Problem requirements: Transcribe the lines below exactly. No image belongs in the transcription.

Collected material:
Segment Open

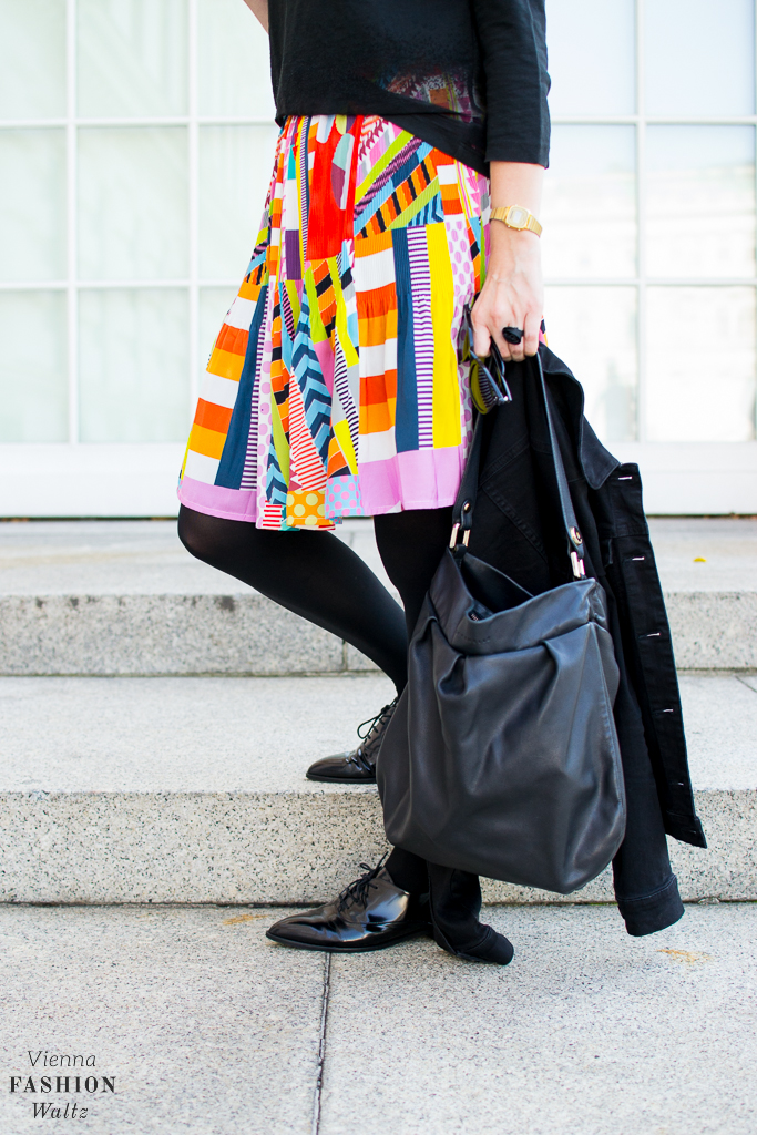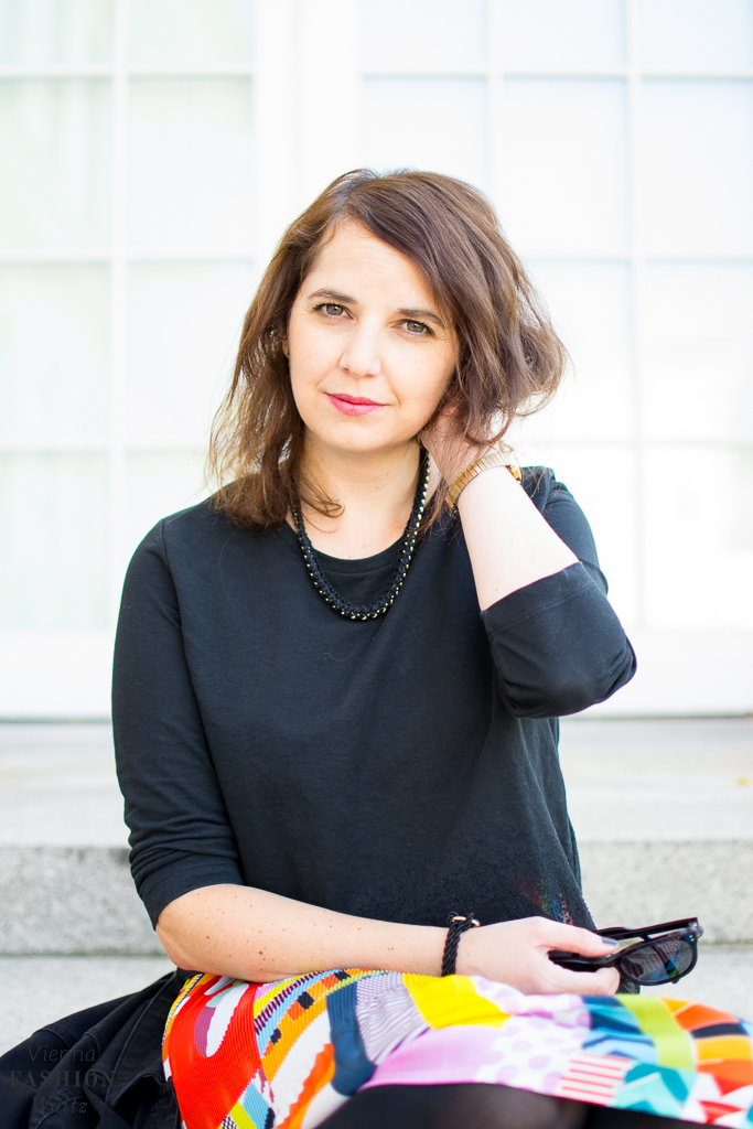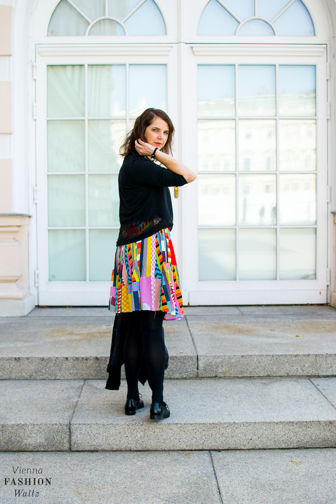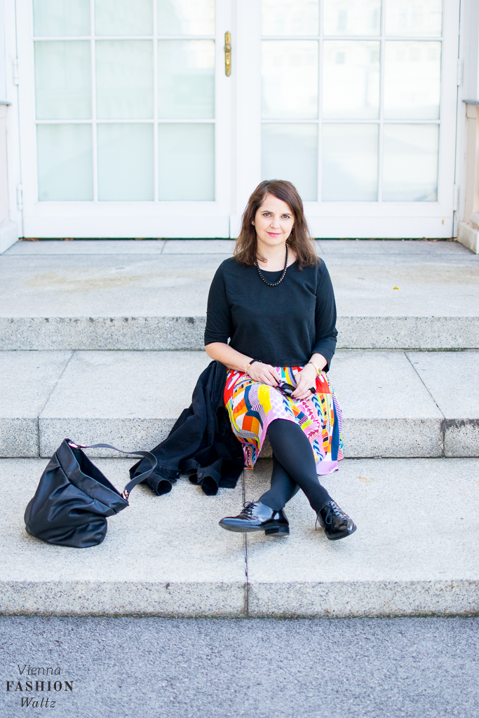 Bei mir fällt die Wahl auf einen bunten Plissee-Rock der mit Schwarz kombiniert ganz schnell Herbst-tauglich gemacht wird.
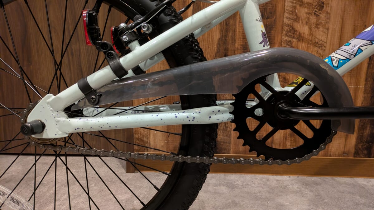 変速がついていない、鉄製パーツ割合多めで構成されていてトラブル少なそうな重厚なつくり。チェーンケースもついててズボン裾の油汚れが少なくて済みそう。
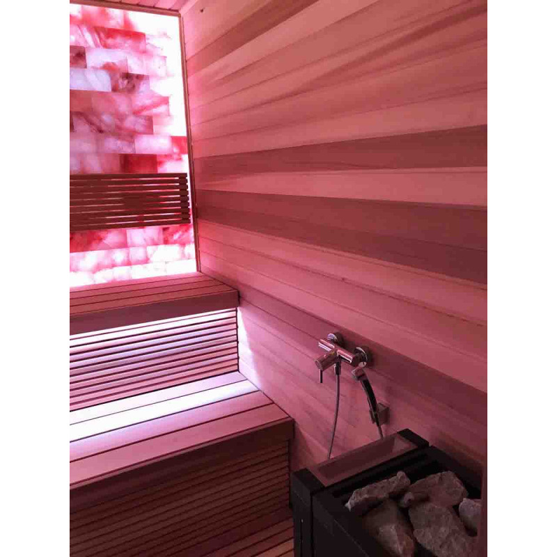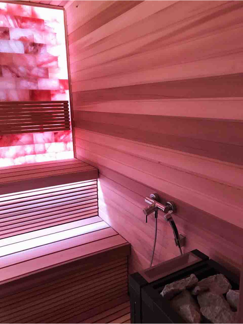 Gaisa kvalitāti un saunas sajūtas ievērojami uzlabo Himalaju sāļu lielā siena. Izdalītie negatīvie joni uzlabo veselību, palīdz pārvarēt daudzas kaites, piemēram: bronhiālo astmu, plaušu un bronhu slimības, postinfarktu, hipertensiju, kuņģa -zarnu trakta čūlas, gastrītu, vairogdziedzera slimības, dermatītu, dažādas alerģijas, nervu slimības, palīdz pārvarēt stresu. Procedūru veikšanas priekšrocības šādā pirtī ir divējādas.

Segment Closed

Result for this exercise:
 Bei mir fällt die Wahl auf einen bunten Plissee-Rock der mit Schwarz kombiniert ganz schnell Herbst-tauglich gemacht wird.
 変速がついていない、鉄製パーツ割合多めで構成されていてトラブル少なそうな重厚なつくり。チェーンケースもついててズボン裾の油汚れが少なくて済みそう。
 Gaisa kvalitāti un saunas sajūtas ievērojami uzlabo Himalaju sāļu lielā siena. Izdalītie negatīvie joni uzlabo veselību, palīdz pārvarēt daudzas kaites, piemēram: bronhiālo astmu, plaušu un bronhu slimības, postinfarktu, hipertensiju, kuņģa -zarnu trakta čūlas, gastrītu, vairogdziedzera slimības, dermatītu, dažādas alerģijas, nervu slimības, palīdz pārvarēt stresu. Procedūru veikšanas priekšrocības šādā pirtī ir divējādas.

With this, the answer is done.